Soppeng,- Ketikterkini.com | Rencana Bimbingan Teknis (Bimtek) Kepala Desa di Makassar yang digagas APDESI batal dilaksanakan, namun menyisakan persoalan serius. Pasalnya, muncul dugaan adanya pengadaan baju kaos sebanyak 5 lembar per desa dengan harga yang disebut mencapai Rp125.000 per lembar.
Jika dikalkulasi, jumlah pengadaan untuk seluruh desa bukanlah angka kecil. Justru di sinilah muncul tanda tanya besar: siapa sebenarnya yang menginisiasi pengadaan tersebut, berapa harga riilnya, dan dari mana sumber dananya?
Publik menyoroti beberapa hal penting yang hingga kini belum terjawab:
1. Benarkah pengadaan kaos ini sepenuhnya dikelola oleh APDESI?
2. Apakah harga Rp125.000/lembar masuk akal atau justru jauh di atas harga pasar?
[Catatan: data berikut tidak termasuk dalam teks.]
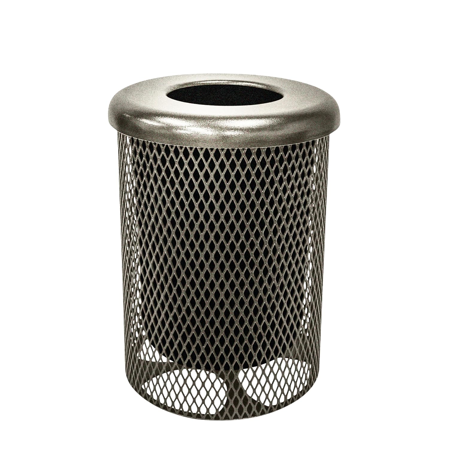 COATEDOUTDOORFURNITURE 32-Gallon Heavy-Duty Expanded Metal Round Trash Receptacle, Commercial Outdoor Waste Bin with Liner & Black Flat Top Lid – Made in America (Textured Gold Vein)

3. Dana apa yang dipakai? Apakah menggunakan dana desa, iuran, atau ada pos anggaran lain yang dialihkan?
4. Jika memang ada pos anggaran resmi, mengapa tidak pernah disosialisasikan kepada desa-desa?
5. Mengapa APDESI tidak segera memberikan klarifikasi terbuka mengenai harga sebenarnya dan dasar pengadaan tersebut?
Kendati demikian, sejumlah Kades di Soppeng dimintai keterangannya oleh media menjawab, " Kami cuma menggunakan dana pribadi, karna Bimtek kemarin sudah gagal. Terkait dengan adanya pesanan baju kaos yang telah di pesan oleh Apdesi maka, kami ikut berpartisipasi, " Jelasnya kepada wartawan. Selasa, (26/8/2025).
Menyikapi hal itu, Ketua Lembaga Pemantau Korupsi dan Aparatur Negara, sangat menyayangkan hal itu, " Hal itu sangat berbedah dengan wakil Bupati Soppeng saat di temui terkait hal itu, Wakil Bupati pada saat itu menyatakan bahwa, tidak ada yang menggunakan dana pribadi. Pasti ujung - ujungnya akan di pertanggung jawabkan. Itu hanya alasan saja, " Jelasnya pada saat itu.
Kendati demikian, kuat dugaan, pengadaan baju kaos ini sarat dengan kepentingan tertentu yang tidak sejalan dengan prinsip transparansi dan akuntabilitas. Apalagi, kegiatan inti berupa Bimtek batal dilaksanakan, sementara pengadaan kaos tetap berjalan. Hal ini memunculkan kecurigaan adanya praktik “proyek siluman” yang berpotensi merugikan desa-desa.
Para kepala desa maupun masyarakat berhak mengetahui, apakah benar ada markup harga dan penyalahgunaan anggaran dalam kasus ini. Jika benar terbukti, maka aparat penegak hukum patut turun tangan menelusuri dugaan permainan anggaran di tubuh APDESI.
Hingga kini, pengurus APDESI Kabupaten Soppeng masih bungkam dan belum memberikan klarifikasi resmi. Sikap diam ini justru semakin memperkuat dugaan adanya ketidakberesan dalam pengadaan kaos tersebut.